** Problem **
With the pictures left out, restate exactly the part below that opens with the line containing "В Ереване началось" and closes with the line containing "4月17日拍攝的巴松措(無(wú)人機照片)。".

** Data to use **

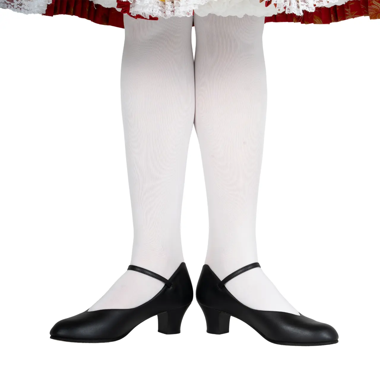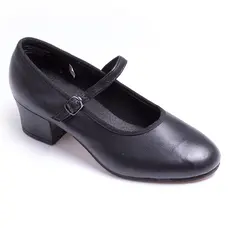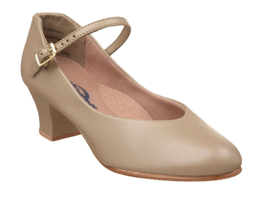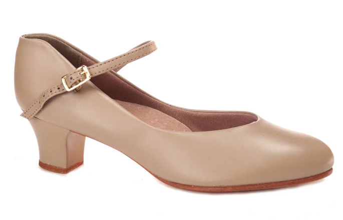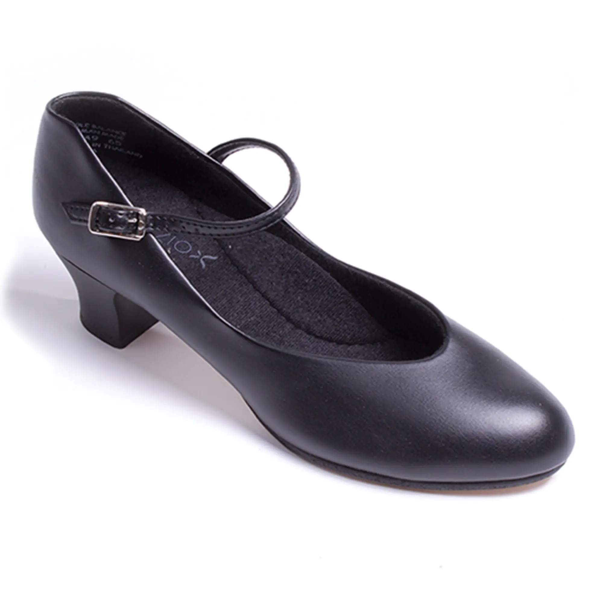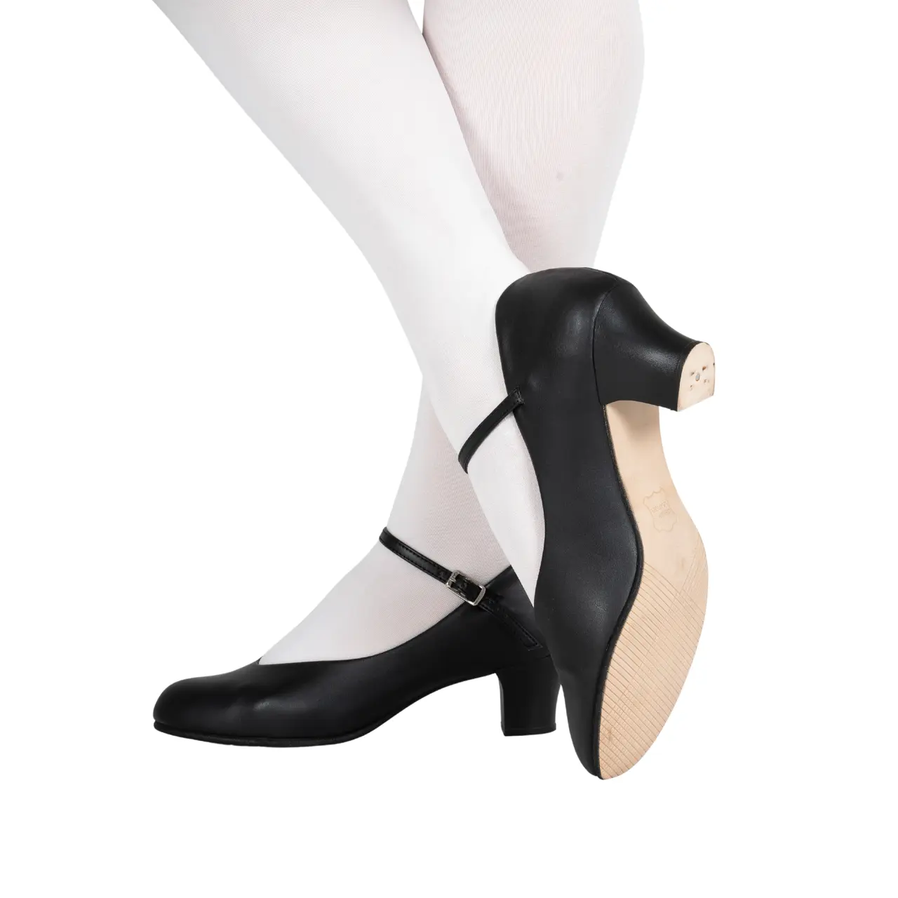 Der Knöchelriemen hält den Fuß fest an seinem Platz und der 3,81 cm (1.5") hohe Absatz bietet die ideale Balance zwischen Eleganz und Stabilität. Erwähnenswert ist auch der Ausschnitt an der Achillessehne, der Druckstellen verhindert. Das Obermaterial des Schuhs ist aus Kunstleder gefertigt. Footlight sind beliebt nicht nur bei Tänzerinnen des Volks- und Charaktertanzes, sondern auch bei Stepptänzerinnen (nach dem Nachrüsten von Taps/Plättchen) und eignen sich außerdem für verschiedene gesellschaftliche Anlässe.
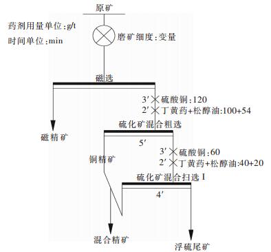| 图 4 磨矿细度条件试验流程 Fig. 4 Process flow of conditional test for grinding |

* * *

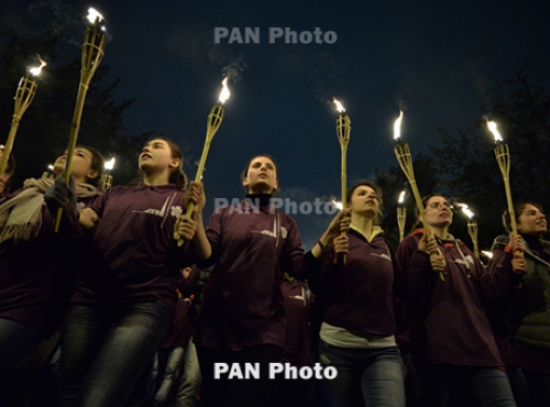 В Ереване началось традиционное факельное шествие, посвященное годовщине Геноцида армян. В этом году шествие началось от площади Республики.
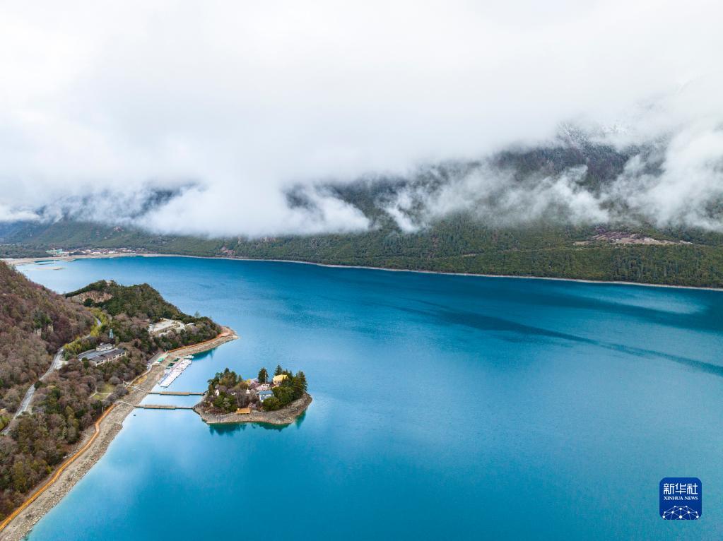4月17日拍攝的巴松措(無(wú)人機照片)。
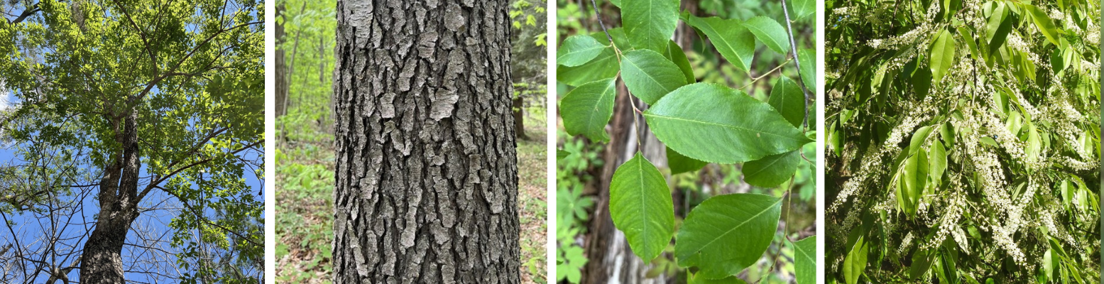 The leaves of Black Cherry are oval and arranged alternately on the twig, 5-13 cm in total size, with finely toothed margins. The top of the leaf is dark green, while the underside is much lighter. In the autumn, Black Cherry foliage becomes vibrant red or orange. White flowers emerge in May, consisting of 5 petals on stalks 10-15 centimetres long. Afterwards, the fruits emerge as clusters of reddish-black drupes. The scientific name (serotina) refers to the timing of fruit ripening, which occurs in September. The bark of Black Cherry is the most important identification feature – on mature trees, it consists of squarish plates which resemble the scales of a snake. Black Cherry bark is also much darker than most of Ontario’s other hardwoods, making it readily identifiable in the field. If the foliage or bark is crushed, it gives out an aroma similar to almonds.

** Task answer **
 В Ереване началось традиционное факельное шествие, посвященное годовщине Геноцида армян. В этом году шествие началось от площади Республики.
4月17日拍攝的巴松措(無(wú)人機照片)。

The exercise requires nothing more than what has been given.